The genomic landscapes of most higher eukaryotes are dominated by repetitive DNAs [1–3]. Most genome-wide, interspersed repeats are retrotransposons, including long and short interspersed elements (LINEs and SINEs, respectively) and long terminal repeat (LTR) retrotransposons [1, 3]. The action of LINE- or LTR retrotransposon-encoded reverse transcriptases on transcribed RNA intermediates and integration of the resulting cDNAs has resulted in the accumulation of thousands of these elements dispersed throughout the genomes of nearly all eukaryotic species [1, 3].
LTR retrotransposons range in length from a few hundred base pairs (non-autonomous, truncated copies) to >25,000 bp . Most autonomous elements encode structural proteins (gag) that assemble into intracellular virus-like particles, and enzymes (pol) required for polyprotein processing, reverse transcription, and cDNA integration (Figure 1) . Most elements are littered with incapacitating mutations, including large insertions and deletions [1, 3].
The proliferation of retrotransposons can be highly disruptive to gene and genome structure and function, and host mechanisms can silence and eliminate elements [4, 5]. However, there is increasing evidence that retrotransposons have made important contributions to the evolution of gene and genome structure and function .
One feature of a few of these LTR retroelements is the presence of other classes of repeats within their DNA, specifically microsatellites and minisatellites [7–10]. Gmr9/GmOgre from soybean (Figure 1) is an uncharacteristically long and relatively high copy-number retrotransposon with a canonical representative >21 kb in length and in excess of 3,200 copies per genome [11, 12]. A member of the Ty3-gypsy retrotransposon superfamily, most copies are restricted to pericentromeric regions of all twenty soybean chromosomes . Members of this family and related elements in other plant species contain a polymorphic minisatellite (MS) array of several hundred base pairs just downstream of the coding region [7, 12, 13]. A combination of computational and experimental approaches was used to map and fully characterize the organization and distribution of the five Gmr9-associated MS throughout the soybean genome.
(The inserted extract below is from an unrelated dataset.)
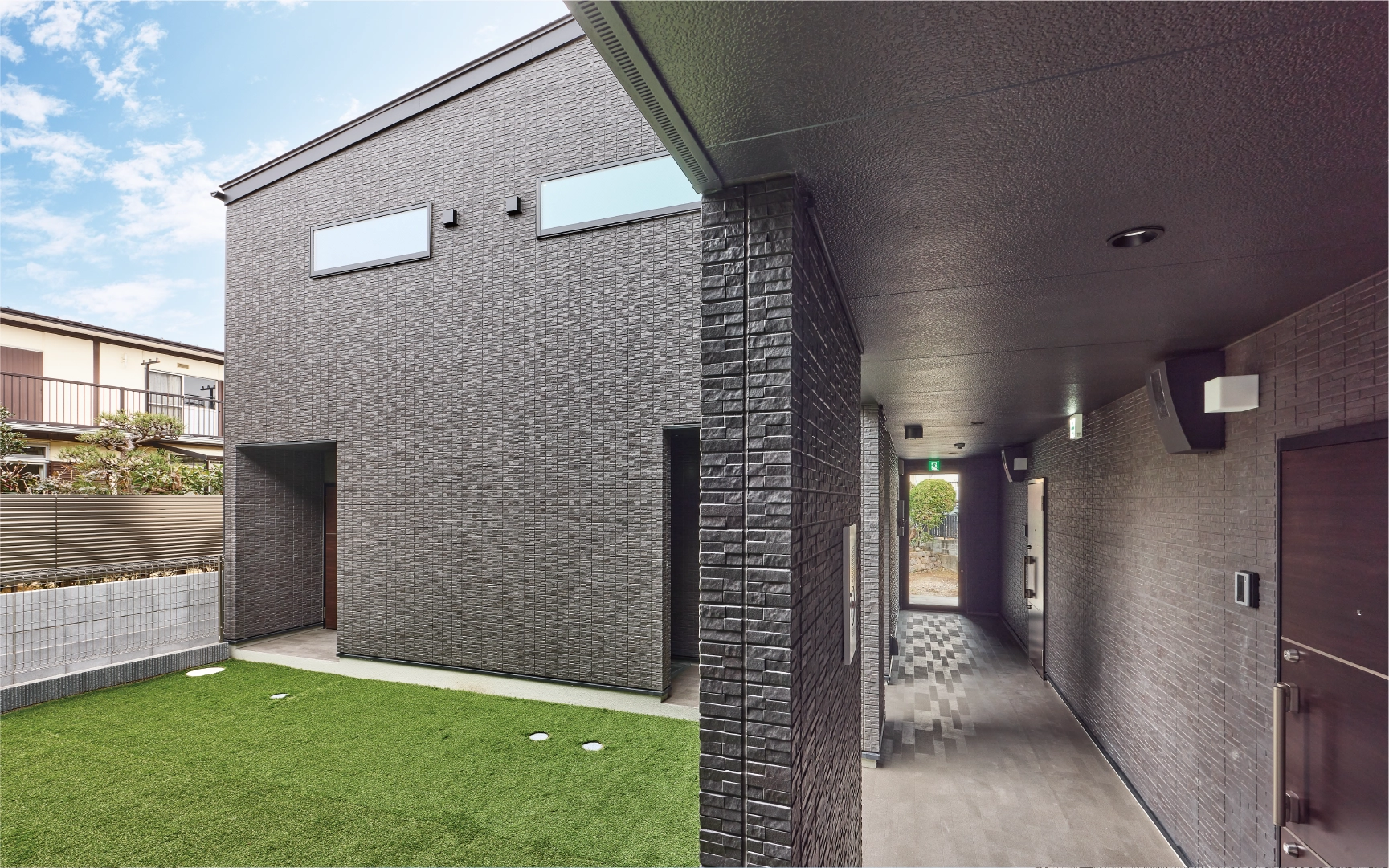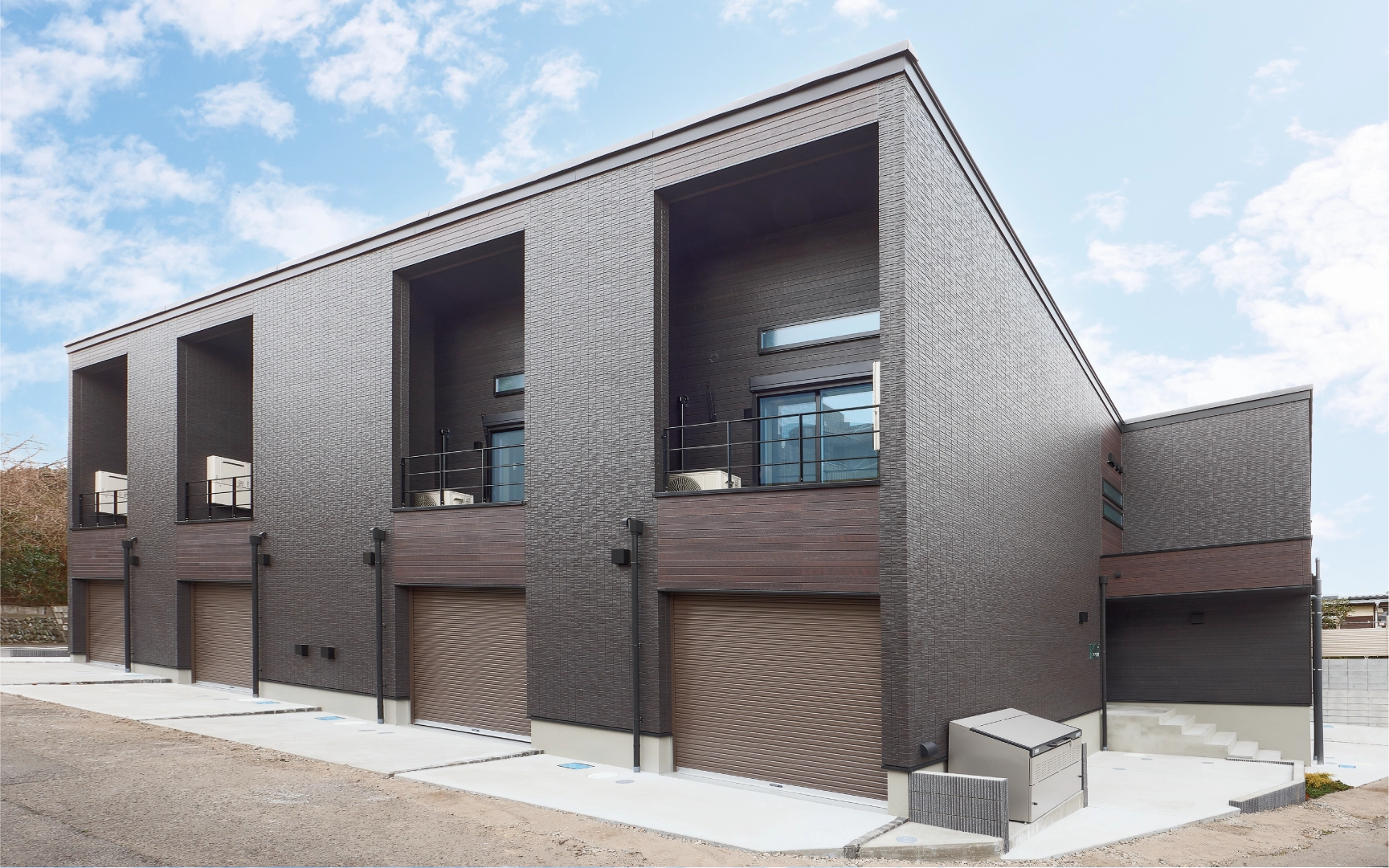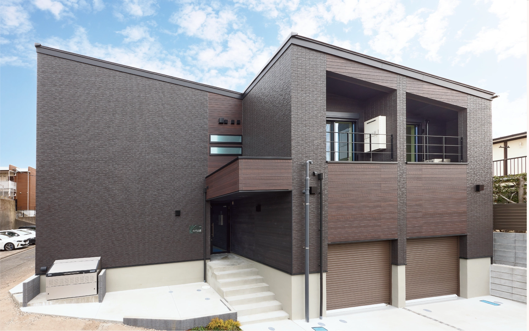シャープな片流れ屋根が目を引く外観に、外壁は落ち着いたダークブラウンで、存在感のあるデザインです。さらに、全住戸に専用ガレージを設け、住居者がガレージからスムーズに荷物の積み下ろしを行える動線を確保しています。海の近い湘南エリアでドライブを楽しみながら、自宅に帰ってきてビルトインガレージが出迎えてくれる、そんな憧れの快適な暮らし方ができます。
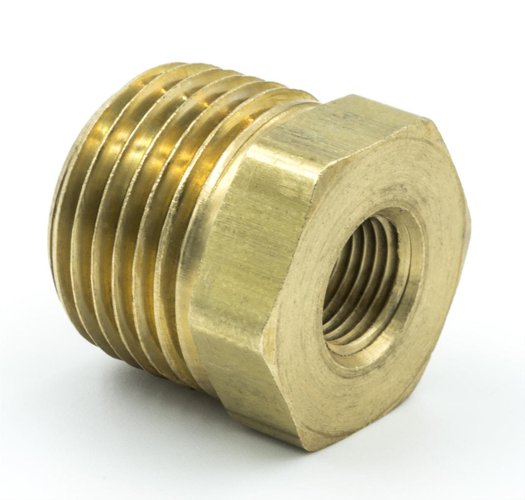 AutoMeter reducers are the right connections for your gauges. These brass fittings are available in a variety of NPT sizes. Order the model needed to help install your instruments.

All G. max assembled chromosome sequences  were downloaded from GenBank and made into a BLAST database. Details and implementation of the computational pipeline are described in Note 1 in Additional file 1 and is available at the link https://github.com/slowkow/soy-rtms.
Genomic DNA was isolated using a DNeasy Plant Mini Kit (Qiagen) from 100 mg of leaf tissue from Glycine max cv Williams 82 ground to a fine powder under liquid nitrogen. Primer sequences and cycling parameters are described in Note 2 in Additional file 1.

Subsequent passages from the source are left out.